Most of the players in the story are ones that we've already met in the series. The magical Dalia who continues to revel in her depravity plays her evil part with glee but pregnant werewolf Bella is mostly on the sidelines. And even though the main thrust of preparing for the battle against the Soul-Eater lies with Carrie, dual natured vampire/werewolf hybrid Max who has his own struggles, Ziggy with his divided loyalties, and newcomer to the series Bill an ex-Marine blood supplier -- the only human amid all the vamps but whose acceptance may help to win Ziggy back his soul -- also play important roles. I could rave on about the character development and the great plot. I was impressed by the way that Armintrout builds the characters up for the final confrontation and actually gives them the skills to have a hope of winning.

I really enjoyed the final journey to Armintrout's Blood Ties world where sacrifices are always required, death is not always permanent and endings are not predictable - who'd have thought that a series so dark could end with a promise of light.

The Turning (Blood Ties, Book 1)
Possession (Blood Ties, Book 2)
Ashes to Ashes (Blood Ties, Book 3)
All Souls' Night (Blood Ties, Book 4)

a voice teacher and early music fan who loves to read5
BAD GUYS GET DEAD - CARRIE GETS WED -SOUL EATER LOSES HEAD.
Thus ends (I think!) Jennifer Armintrout's very excellent 'Blood Ties' quadriligy. I loved everyone of these four books - unending excitement; ongoing suspense and a 'no wasted words' writing style.

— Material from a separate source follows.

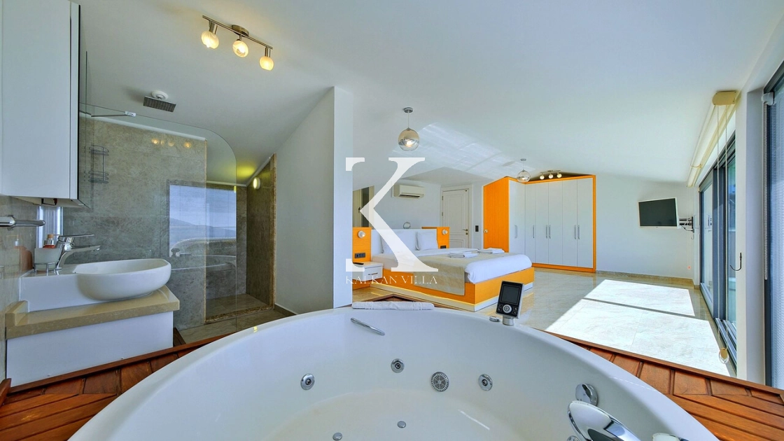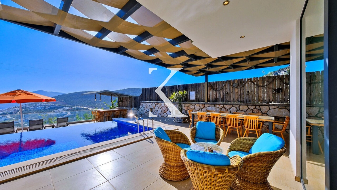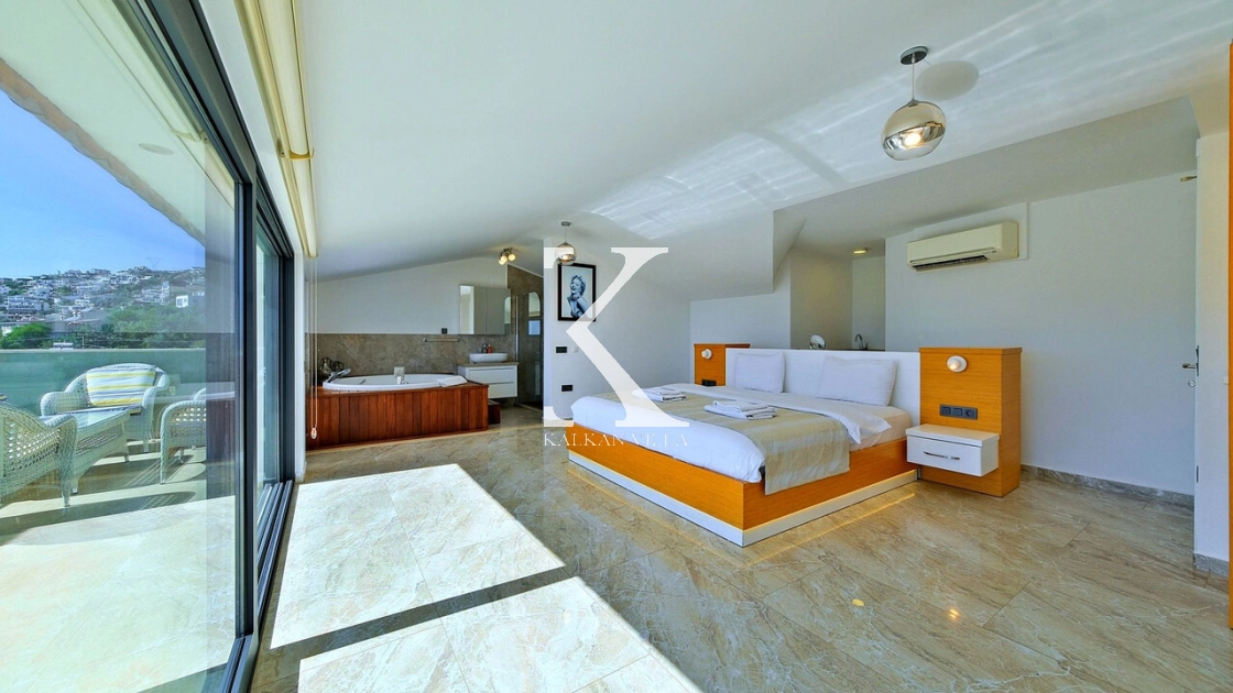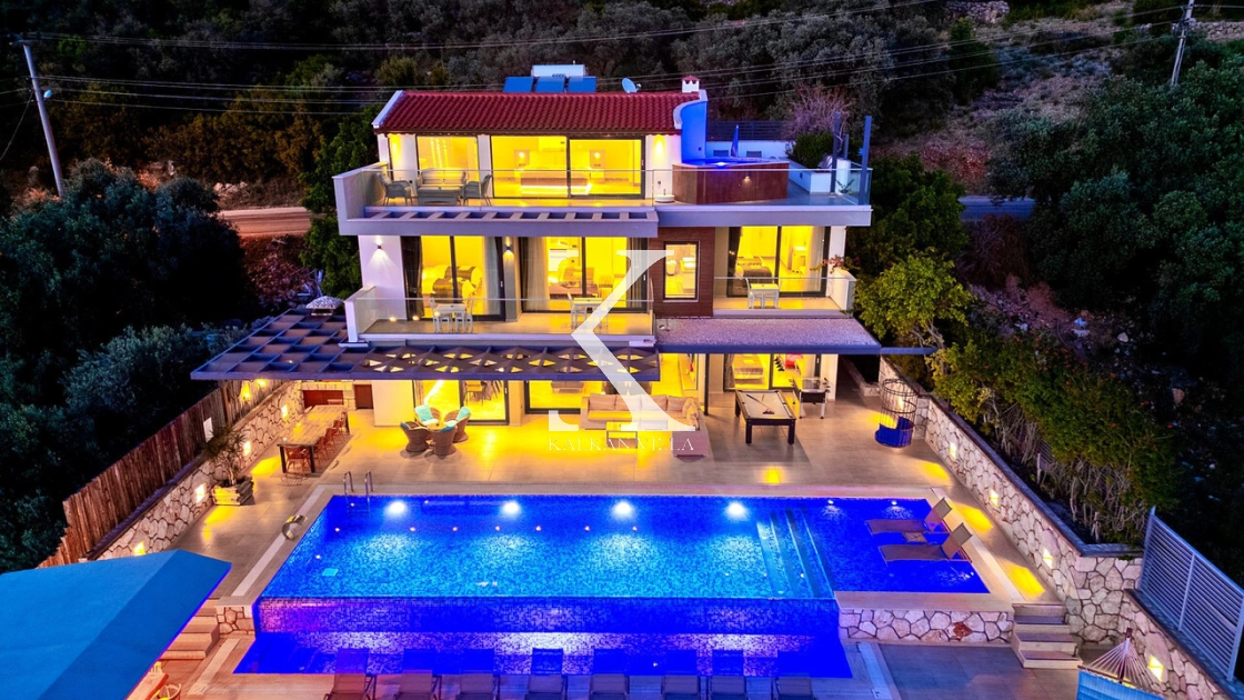 Villa Topcu Duo is a stylish and comfortable holiday villa located in the Kızıltaş area of Kalkan. With 5 bedrooms, 5 bathrooms, and a capacity of up to 10 guests, it is an excellent choice for large families and groups of friends seeking a relaxing and private getaway.

And who of us does not relish the 'bad guy' getting his just deserts!?Moreover, our author has the ability to incorporate a dash of humour with all the gore.

With all of the supernatural, paranormal, subnormal and abnormal literature flooding the marketplace, it's great to 'hit' upon a skillfully written series such as this. Sure hope there are more!!!

Publishers Weekly in describing Book 1: 'The Turning': "This fast, furious novel is a squirm-inducing treat." Believe me when I say that this comment could apply to all four of these books.